Amazing, Inspiring, & Beautiful April 20, 2008 1 out of 1 found this review helpful
This book is absolutely amazing. My mother got this book for me when I was about 17 and just really starting to bud out and become an artist. Dan's work was absolutely mesmerizing and inspiring. His colorful life and tragic death spark something in you to go out and change the world.
An amazing visual record of a brief, spectacular life September 2, 2007 1 out of 1 found this review helpful
This is a dense, rich book of images and words left by Dan Eldon, one of those brilliant, outsized people who burn through life like a flare and are gone. He surrounded himself with beauty and horror and tried to both record and to make some sense of his experiences and the constant, jarring disparity between the extremes of life. If you love photography and art or are just drawn to precocious brilliance and the intense energy of people who are present in every moment of their lives, you should own this book.
Truly Profound February 25, 2005 8 out of 8 found this review helpful
I bought this book upon it's release in 1997. I can remember allowing the contents of this memoir to captivate me for hours on end. I lent my copy to a friend shortly thereafter and subsequently forgot about it. I recently ordered a replacement and I must say, this book is even more compelling than I ever remembered. Dan Eldon was a profound visionary, an articulate statesman and a devoted caretaker. As a Reuters photo-journalist, he traveled the world and served as a dipomatic embassador to many, yet his life was taken prematurely in a stoning riot in Somalia. He experienced more in his brief 21 years than most of us will over an entire lifetime. A MUST HAVE.

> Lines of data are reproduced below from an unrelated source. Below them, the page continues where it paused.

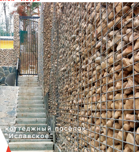
коттеджный посёлок "Истра" коттеджный посёлок "Иславское"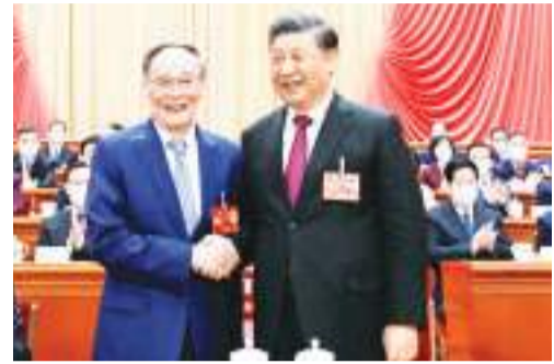
习近平同王岐山握手。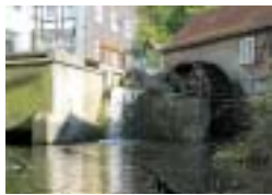
Bild: Im Mühlengraben wird ein Teil des 200 m oberhalb abgeleiteten Wassers der Wester gestaut und über ein Leitblech auf die Schaufeln des Wasserrades geleitet. Bis 1958 wurde auch eine Turbine zur Erzeugung elektrischen Stroms für die Kornmühle betrieben.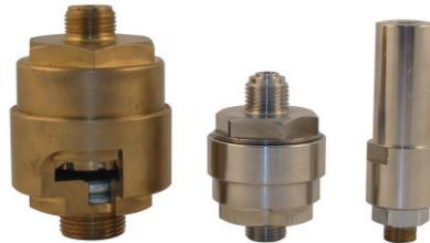
Tipo AHF 03/04/05

Materias: latón, latón cromado o inox Juntas: NBR

Awesome read, beautiful art March 24, 2004 7 out of 8 found this review helpful
Eldon's story of the war-torn Somolia is as much an artwork as it is an engaging story. This "book" is a reproduction of photojournalist Dan Eldon's journal from his travels in the most impoverished regions of Africa. Part insightful reading, part artistic work, this book should be on anyone's reading list who wants to know more about the world we don't see everyday, and it truly makes one think about all we have, and all Eldon lost...5 out of 5 starts easily!

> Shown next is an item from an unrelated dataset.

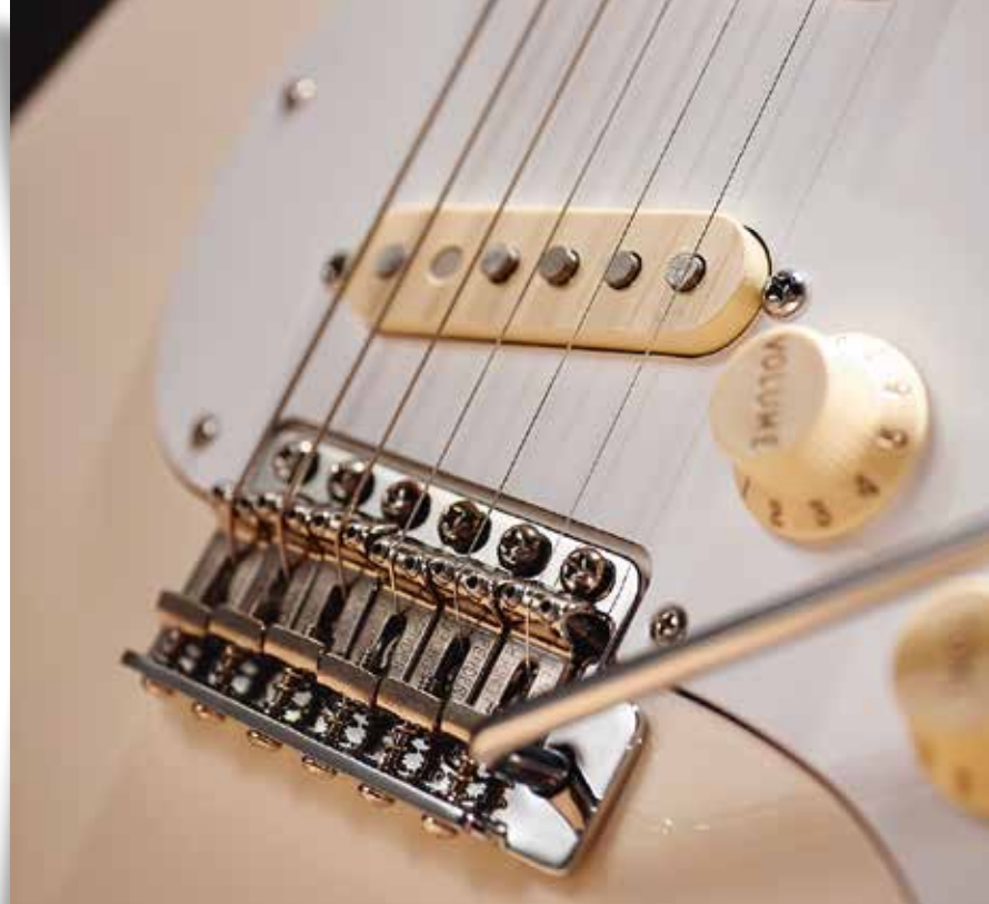
De omgekeerde hoek van het brugelement geeft diepte aan de hoge en meer twang aan de lagere snaren. Verrassend genoeg ziet het er best normaal uit

Als je Hendrix wel eens hebt zien spelen, is het je vast opgevallen dat hij op zijn omgekeerde Strat weinig toegang had tot de hoogste frets. Hij speelde zelfs nauwelijks op dat stoffige gedeelte van de hals. Met de rechtshandige body van onze gitaar is dat in één keer opgelost. Het ondiepe C-profiel van de hals ligt heel prettig in de hand en ook de medium jumbofrets op de toets met een plattere radius van 241 mm (9,5 inch) zorgen voor een geweldige speelervaring. De actie van onze gitaar was te laag voor een stevige aanslag zoals die van Jimi. De bovenste snaar liep bijna van de toets af bij flinke bends, maar door de brugzadels van de eerste en

giving inspiration December 3, 2003 5 out of 7 found this review helpful
After seeing this book in a Borders store, I decided to buy it. I couldn't put it down, page after page offers so much of the author, yet offered so much to the reader. It makes your own imagination soar again, and as a fellow photographer, it gave me a kick in the butt I needed to start shooting again. The vision of Dan Eldon was not only through a lens, but through his heart as well. He accomplished a great deal in a short life, and definitely contributed to the bettering of our world. His photographs of Africa, combined with the scrapbook like additions of text and objects could be considered a new form of documentary photography. I strongly urge anyone who is interested in travel or photojournalism to get this book and have it transform your outlook on life.